MATERIAL TO PROCESS =>
····················

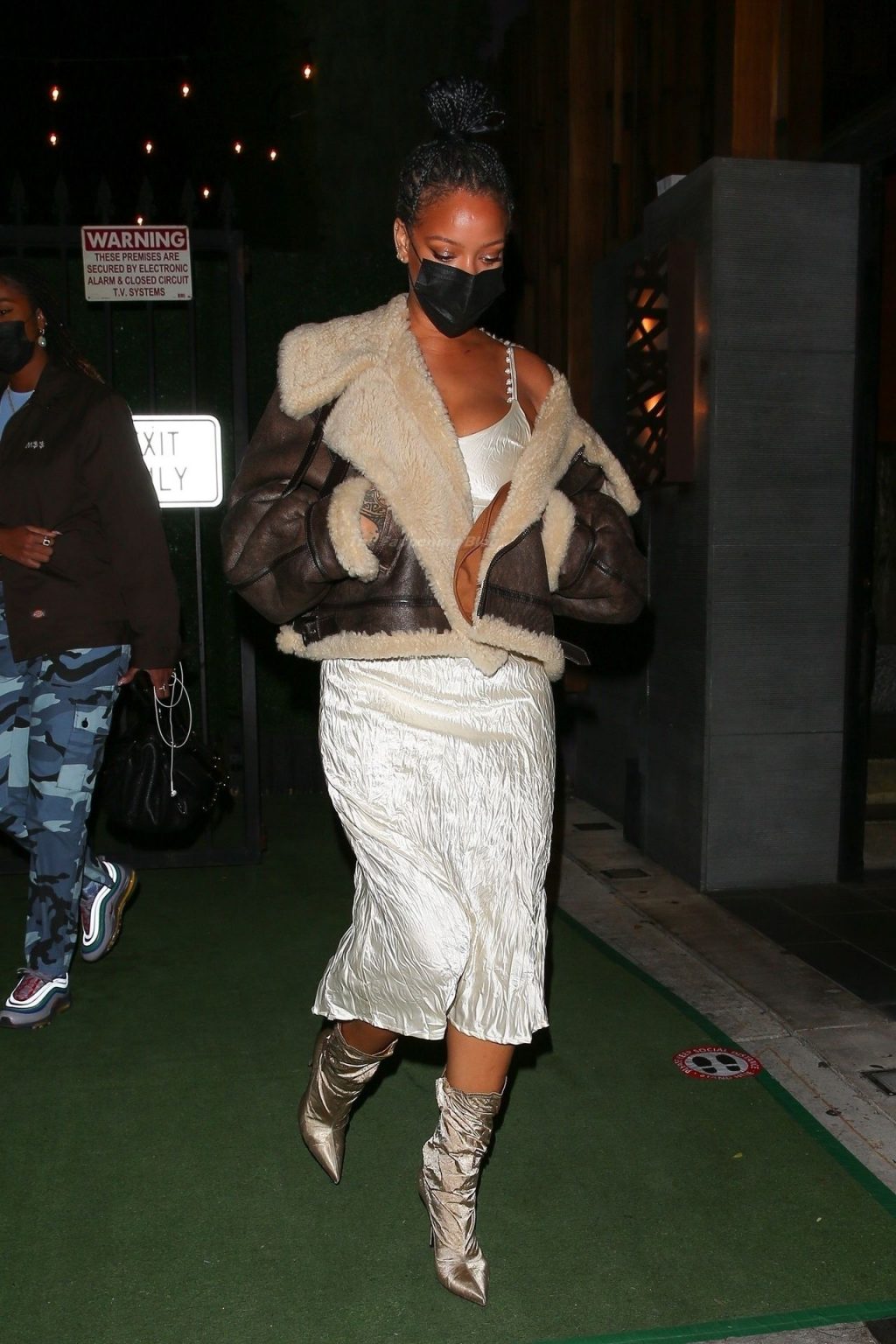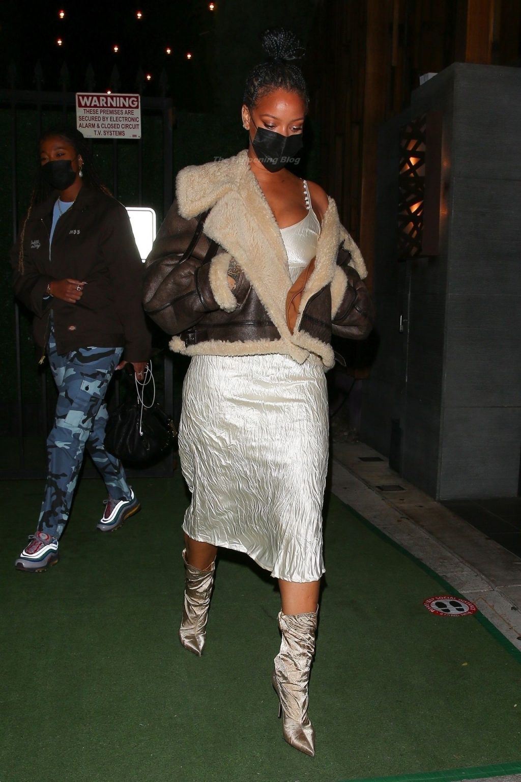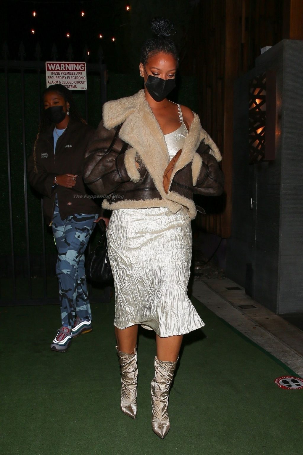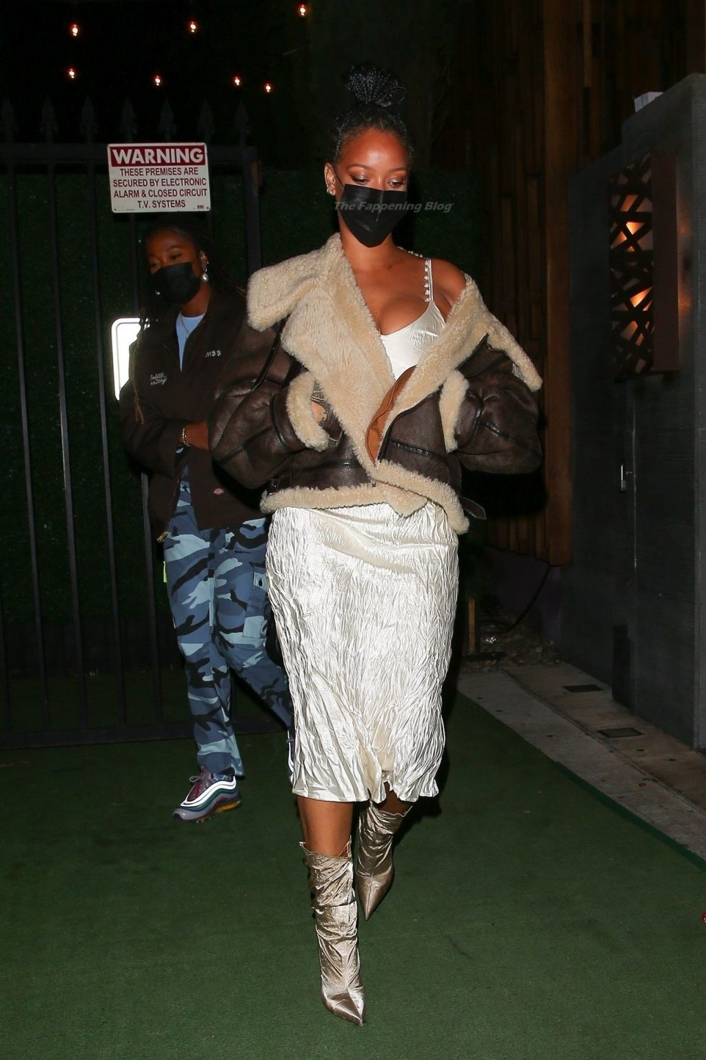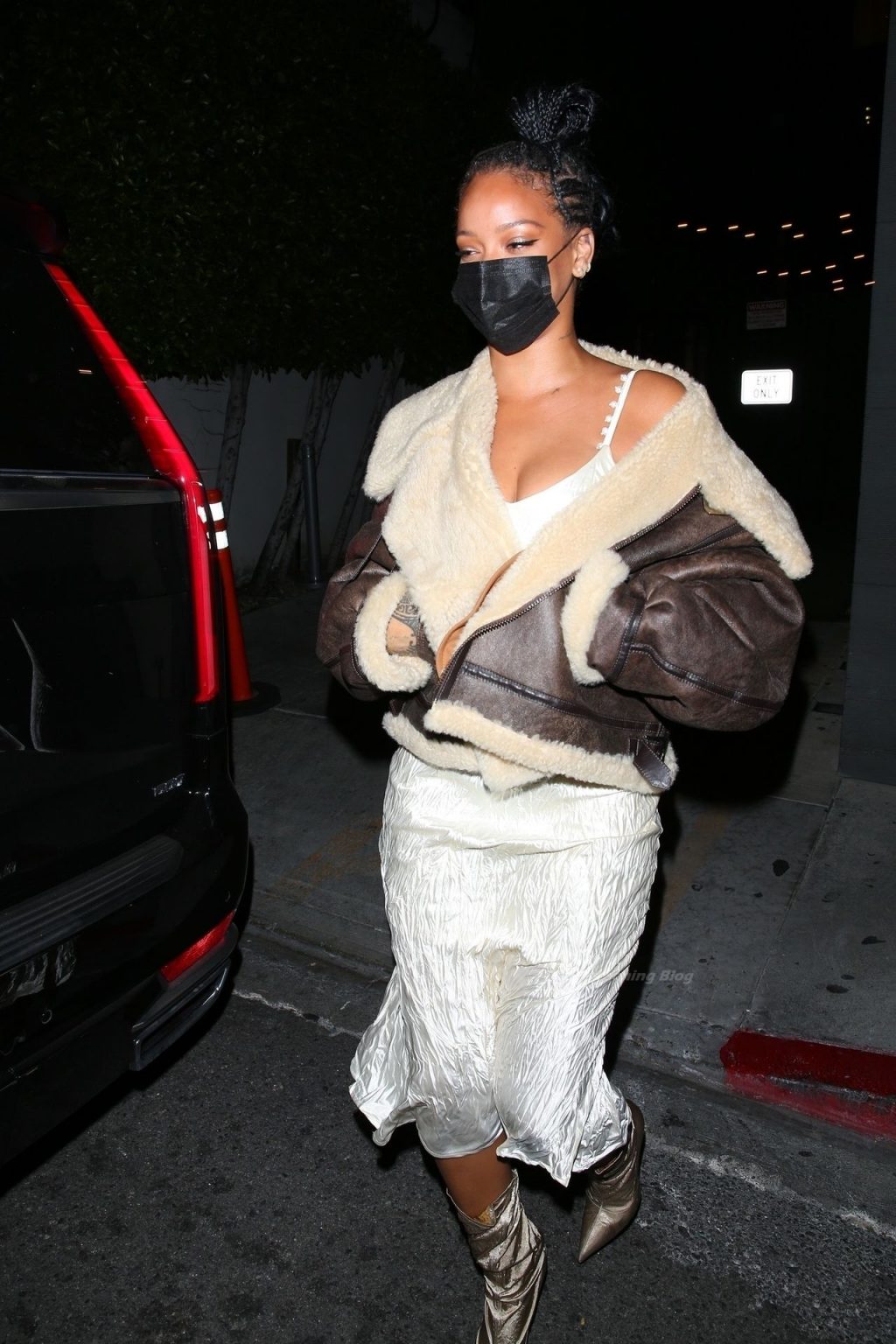 Певица и звезда The Fappening Рианна была замечена, покидая ресторан Nobu в Вест-Голливуде после ужина в белом платье и ботинках, также позируя и делая фотографии через плечо.
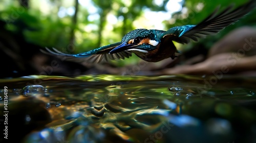 kingfisher, flight, stream, water, nature, wildlife, bird, emerald, blue, colourful, vibrant, wing, forest, tree, underwater, rock, bubble, rapid, swift, motion, sharp, sharpened, detail, environment, fresh water, habitat, conservation, photo, beauty, macro, animal, ecology, fauna, aerial, view, moment, capture, ecological
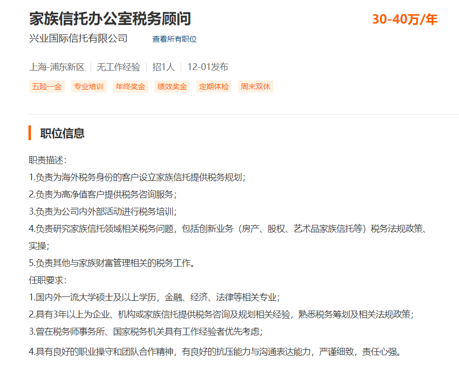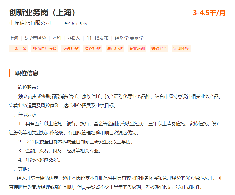 以两家信托公司招聘要求为例,信托业对从业人员的学历、毕业院校、工作经历都有较高要求:本硕博学历,211以上院校,多年金融从业经历等等。
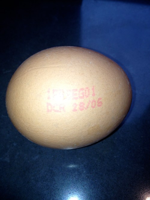 The first digit (“1”) again indicates how the chicken was raised.  The other characters indicate where in France the chickens were raised and even their flock number.  All we need now is the the name of the chicken!  The expiration date is also repeated on the shell.
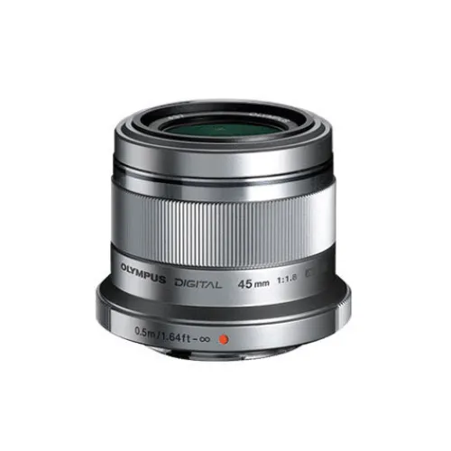 The Olympus M.Zuiko 45 mm f/1.8 Silver is a high-performance portrait lens with a bright f/1.8 aperture. MSC drive technology provides high-speed and silent autofocus, making it great for stills and movie shooting. When the aperture is fully open, you get a shallow depth-of-field, resulting in sharp focus on the subject and soft, beautiful defocusing of the background and out-of-focus areas. Plus, its beautiful metallic silver finish and light weight make it the perfect complement to your PEN micro four thirds compact system camera body.

····················

PROBLEM TO SOLVE => Output exactly, and only, the lines running from the line containing "The first digit" to the last line of the entries above, omitting the pictures.

WRITTEN REPLY =>
 The first digit (“1”) again indicates how the chicken was raised.  The other characters indicate where in France the chickens were raised and even their flock number.  All we need now is the the name of the chicken!  The expiration date is also repeated on the shell.
 The Olympus M.Zuiko 45 mm f/1.8 Silver is a high-performance portrait lens with a bright f/1.8 aperture. MSC drive technology provides high-speed and silent autofocus, making it great for stills and movie shooting. When the aperture is fully open, you get a shallow depth-of-field, resulting in sharp focus on the subject and soft, beautiful defocusing of the background and out-of-focus areas. Plus, its beautiful metallic silver finish and light weight make it the perfect complement to your PEN micro four thirds compact system camera body.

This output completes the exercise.